▶ _Data records_:
┌────────
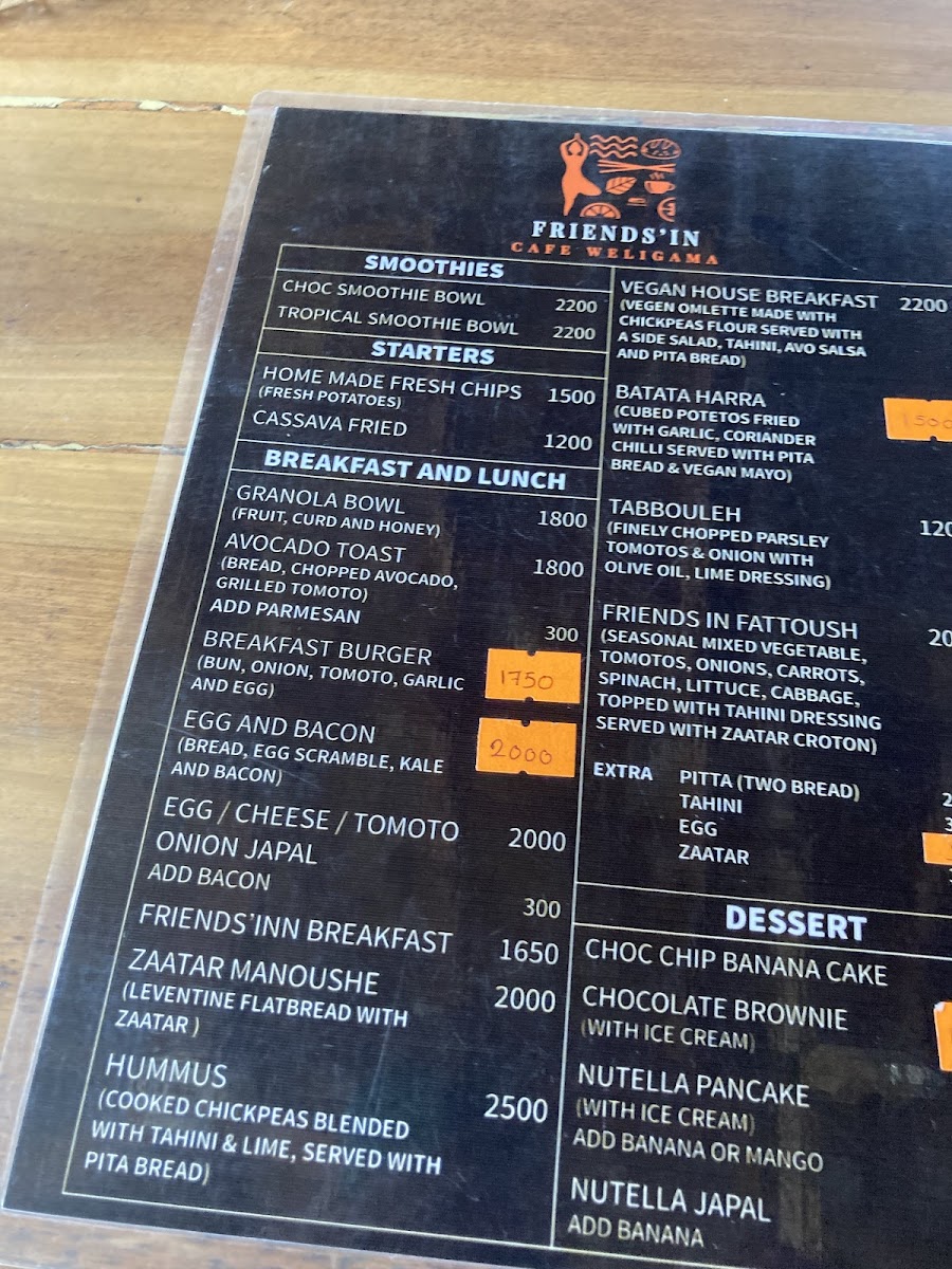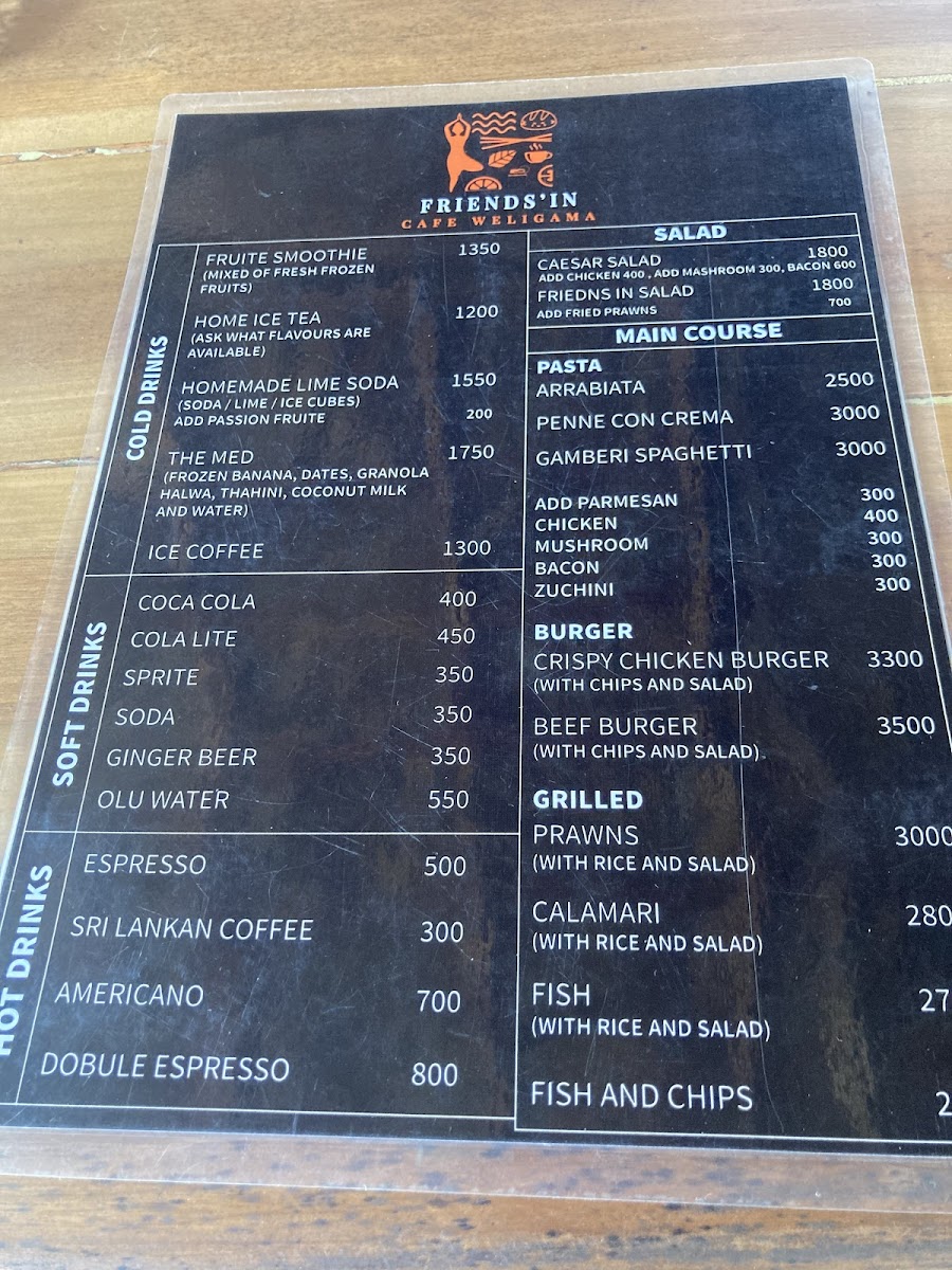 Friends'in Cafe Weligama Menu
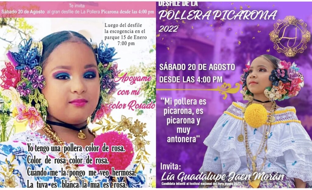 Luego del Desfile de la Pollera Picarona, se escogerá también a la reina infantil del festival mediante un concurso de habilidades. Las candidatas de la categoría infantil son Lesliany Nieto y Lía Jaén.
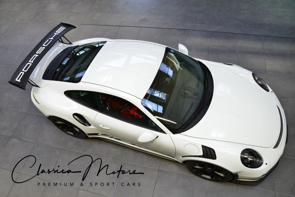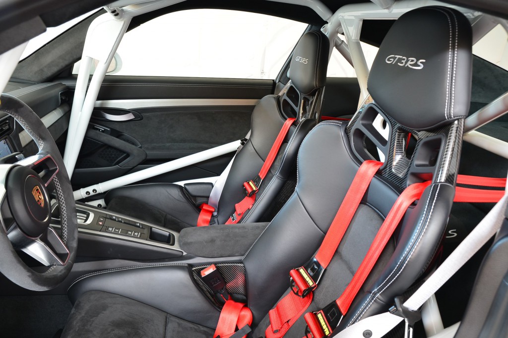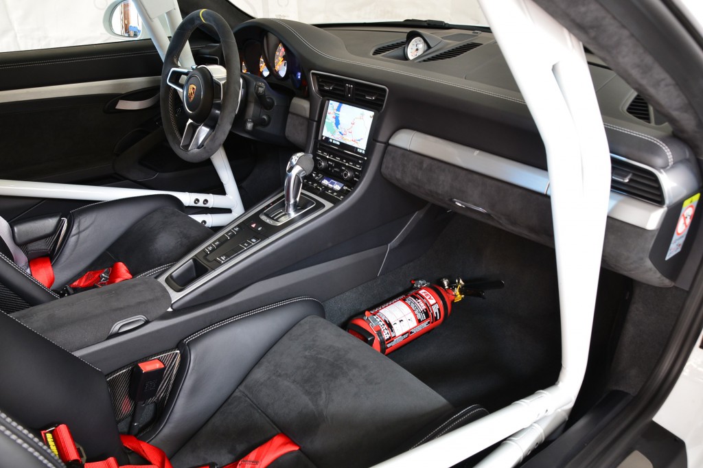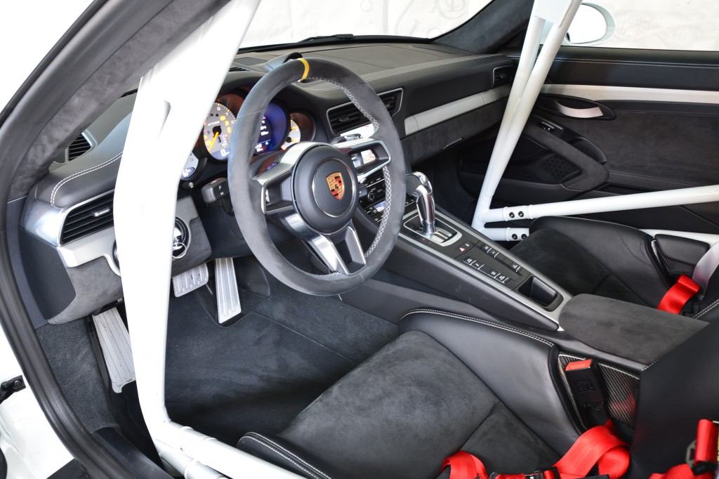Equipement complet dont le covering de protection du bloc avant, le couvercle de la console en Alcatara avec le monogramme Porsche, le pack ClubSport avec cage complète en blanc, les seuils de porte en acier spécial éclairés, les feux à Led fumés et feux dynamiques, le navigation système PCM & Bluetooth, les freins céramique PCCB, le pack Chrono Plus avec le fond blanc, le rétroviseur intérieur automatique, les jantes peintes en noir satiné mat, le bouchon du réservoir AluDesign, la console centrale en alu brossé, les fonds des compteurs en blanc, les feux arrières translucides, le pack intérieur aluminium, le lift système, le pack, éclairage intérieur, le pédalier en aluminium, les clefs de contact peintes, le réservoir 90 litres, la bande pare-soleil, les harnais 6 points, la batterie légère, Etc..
└────────
┌────────
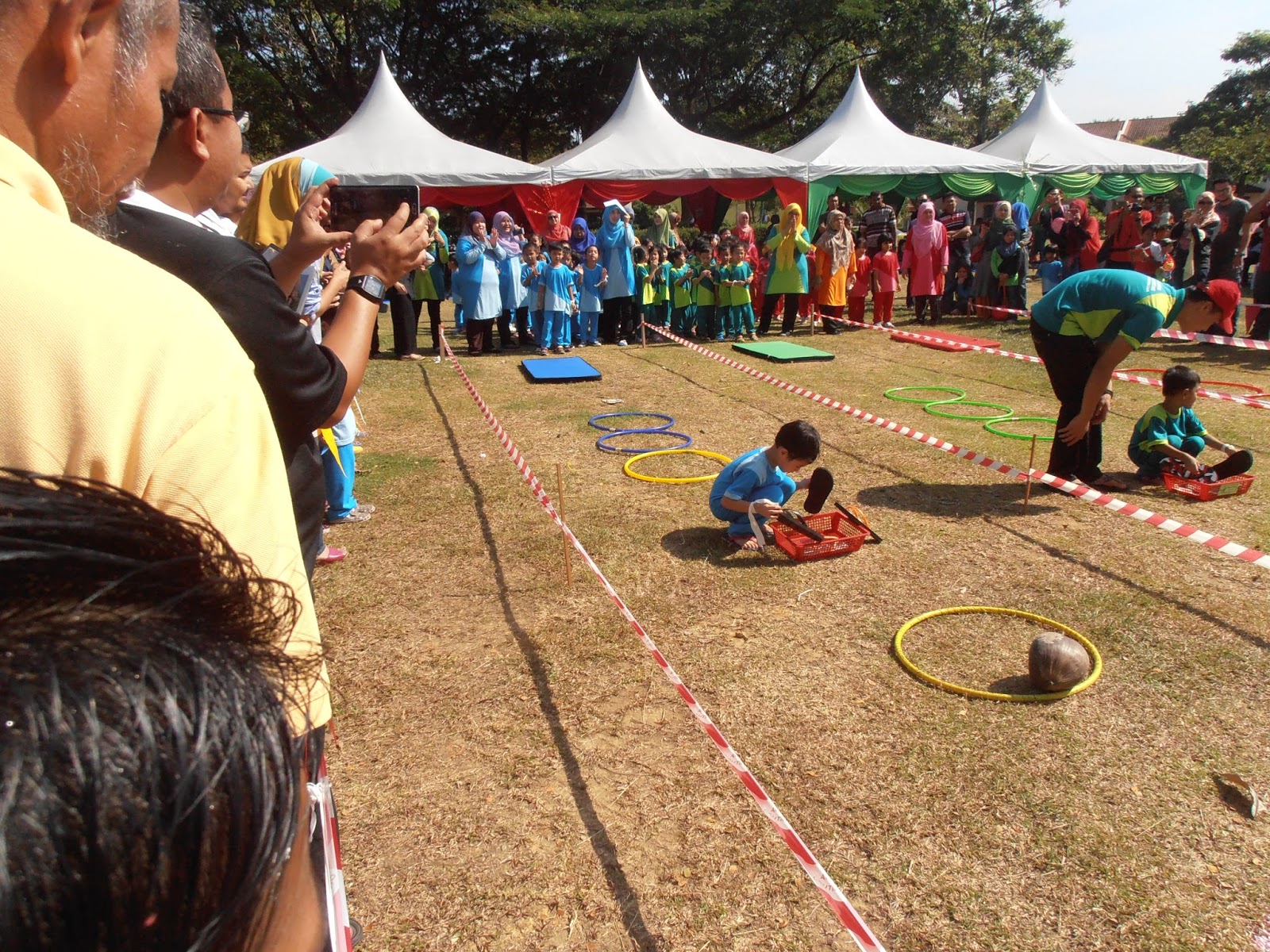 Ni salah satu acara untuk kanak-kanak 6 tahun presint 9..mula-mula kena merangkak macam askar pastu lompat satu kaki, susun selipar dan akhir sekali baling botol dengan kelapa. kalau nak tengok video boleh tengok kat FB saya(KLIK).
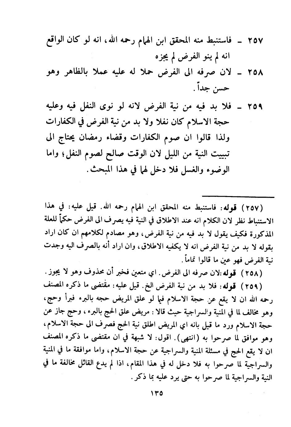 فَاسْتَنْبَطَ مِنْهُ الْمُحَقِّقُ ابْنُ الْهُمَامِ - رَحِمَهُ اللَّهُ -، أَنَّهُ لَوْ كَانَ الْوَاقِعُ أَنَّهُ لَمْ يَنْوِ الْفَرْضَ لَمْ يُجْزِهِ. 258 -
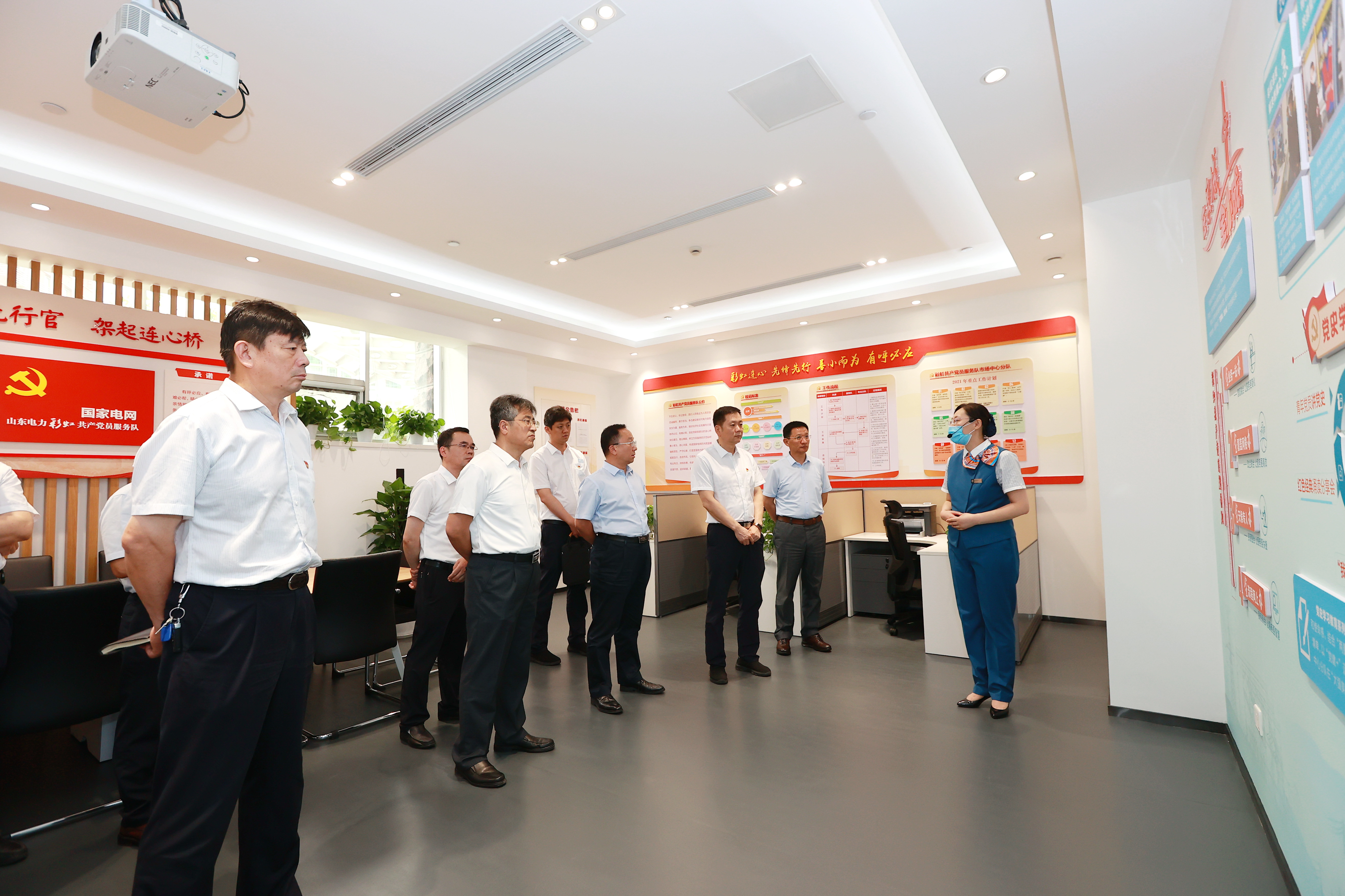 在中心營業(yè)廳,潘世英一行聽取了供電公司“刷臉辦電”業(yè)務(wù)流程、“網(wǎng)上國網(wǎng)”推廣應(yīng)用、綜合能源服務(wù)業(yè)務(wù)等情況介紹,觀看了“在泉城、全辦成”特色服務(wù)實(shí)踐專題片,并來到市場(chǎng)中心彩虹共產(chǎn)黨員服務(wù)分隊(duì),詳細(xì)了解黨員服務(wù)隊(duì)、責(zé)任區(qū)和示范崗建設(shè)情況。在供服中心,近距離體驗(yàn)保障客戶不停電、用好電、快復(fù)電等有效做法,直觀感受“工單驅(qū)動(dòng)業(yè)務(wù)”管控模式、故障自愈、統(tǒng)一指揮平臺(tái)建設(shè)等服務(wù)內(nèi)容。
└────────
▶ _Task brief_: Would you output the lines above from the line holding "Friends'in Cafe Weligama Menu" up to and including the line holding "Luego del Desfile", exactly and only those, with no pictures?

▶ _Answer box_:
 Friends'in Cafe Weligama Menu
 Luego del Desfile de la Pollera Picarona, se escogerá también a la reina infantil del festival mediante un concurso de habilidades. Las candidatas de la categoría infantil son Lesliany Nieto y Lía Jaén.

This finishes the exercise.